“你還不走?”唐玖珍看着賴在沙發上看電視的某人,又看了看鐘上面指着的時針已經到了十,魏嘉明的家離這裏很遠的。
魏嘉明無所謂的聳聳肩,“他們都能住在這裏,我憑什麼不能?大不了給你房租好了,再說了你平常又不睡在這裏,這個房間放着多浪費啊。”
“那也不能給你睡啊,這我的房間,假期和必要的時候都需要住在這裏的。”唐玖珍無奈的翻了個白眼,這人是不是太自來熟了?明明剛開始見面還是高冷愛搭不理的樣子。
“那我不管,吶我先付房租了。”說着就把兜裏的兩千塊現金扔在桌子上,擺明了賴到底了。
唐玖珍倒還真做不出來趕人這回事兒,雖然魏嘉明說的不錯,最近她的確都住在別墅裏,爸爸最近出現的各種問題她都走不開,難不成還真給那母女倆機會?
索性房間裏也沒多少唐玖珍的東西收拾收拾就出門了,正準備按電梯,就聽見‘叮’的一聲,電梯門開了。
一眼就看到身材偉岸的祁斌半闔着眸子看着她,視線落在她提着大包的手上,有些意外,“去哪兒?”
“來個鳩佔鵲巢的人,這裏沒有我的一席之地了,打算回家住。”她真是個心軟的人,碰上無賴她只有讓步的份兒。
聞言,祁斌眸光微閃,接過她手裏的包,“走,送你回去。”
唐玖珍一愣,說起來她還真是不習慣有人專車送,整天除了打車就是打車,吳天已經成了蘇蘭馨的專職司機,跟她沒有半毛錢關係。
出了小區的門就看到那輛瑪莎停在不遠處,上了車之後祁斌跟着坐在了她身邊,沒等她開口問他怎麼過來了,右手就一隻冰涼的手掌包裹住。

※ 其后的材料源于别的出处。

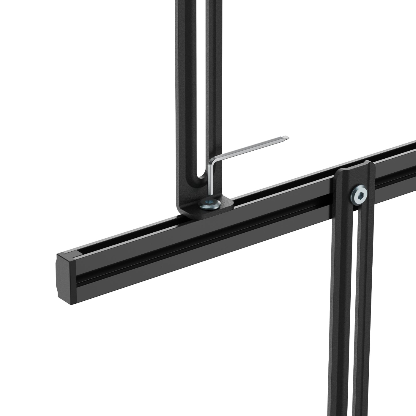 Deze zwarte soundbar beugel monteert u aan uw tv en past zich aan verschillende soundbarformaten aan. Ideaal om soundbar en scherm als één strakke set-up te laten ogen, zonder aparte wandmontage.

唐玖珍下意識就朝祁斌看去,似乎這人總喜歡裝睡,看着前面司機的眼神總時不時的透過後視鏡看過來,有些不自在,想要抽出她的手,無奈的是隻是在做無用功。
愣愣的看着窗外,不知不覺唐玖珍有些困了,閉着眼睛小憩了一會兒,沒想到竟然睡沉了。
醒過來的時候人已經在房間裏,窗簾拉着房間裏很暗,儘管如此唐玖珍還是發現了區別,她的房間沒有這麼大,裝修也不是這麼簡約的風格。
掀開被子,摸索着在牀頭找到了開關,燈光很亮,唐玖珍眼睛有些不舒服,捂着眼睛適應了一會兒纔打量着所在的房間,很陌生,她從未來過。

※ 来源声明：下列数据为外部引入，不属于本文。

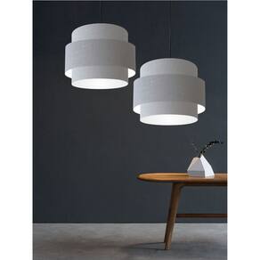 Lustre Sala de Jantar Com Desvio Vivare Md-4401 Cúpula em Tecido 60cm - Cor: Rustico-cinza | Voltagem: 127/220V

打開門,走了出去,入眼就是一條長廊跟她家裏的二樓很像,只是走廊裏除了復古的燈盞就在沒有了其他,突然走廊的盡頭一副畫吸引了她的注意。
走進了纔看到那是一個女人的背影,能夠看到一半的側臉,可不就是她?
“醒了?”突兀的聲音在身後響起。
唐玖珍嚇了一跳,猛地回頭就看到祁斌穿着灰色真絲睡衣站在身後,不算亮的燈光打在他俊美的臉上,使得他面部的線條都柔和起來,望着他的眸子幽暗深邃,似乎還帶着一絲不易察覺的溫柔。
“這是哪裏?”唐玖珍的臉漸漸燒了起來,不自在的眨巴着眼睛,她竟然覺得這男人迷人,一舉手一投足都帶着誘惑的魅力,想要移開眼都萬分艱難。

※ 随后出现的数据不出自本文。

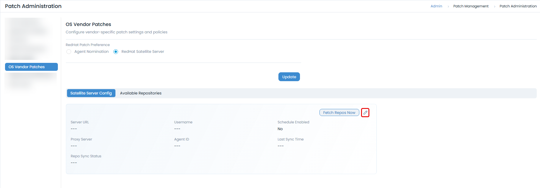 - RedHat Satellite Server: Select this option to integrate with a RedHat Satellite Server for patch management.
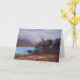 Hälsningskort med bilden av en målning av Vicki Coe Mitchell av Crystal Vår Boathouse i dimma.

薄脣微抿,定定的看了她一會兒,那真絲的吊帶包裹着青澀的身體,莫名透着甜點的香氣,讓人忍不住想要一口吞到肚子裏。
那張清麗的臉蛋平常看着平凡無奇,可現在卻美的異常,白皙的臉上帶着紅暈,不自在的眨巴着眼睛,濃密的睫毛像兩把小扇子,煽動在他心上。
“我家。”
兩個字如同驚雷,砸在唐玖珍身上,垂着的頭瞪大了眼睛,等等,她什麼時候換上了睡衣?還是吊帶,罩罩都沒穿。
抬頭就看到幽暗的眸子深邃了幾分,盯着她的眼神太過直白,似乎她在他的眼裏不過是一隻待食用的獵物。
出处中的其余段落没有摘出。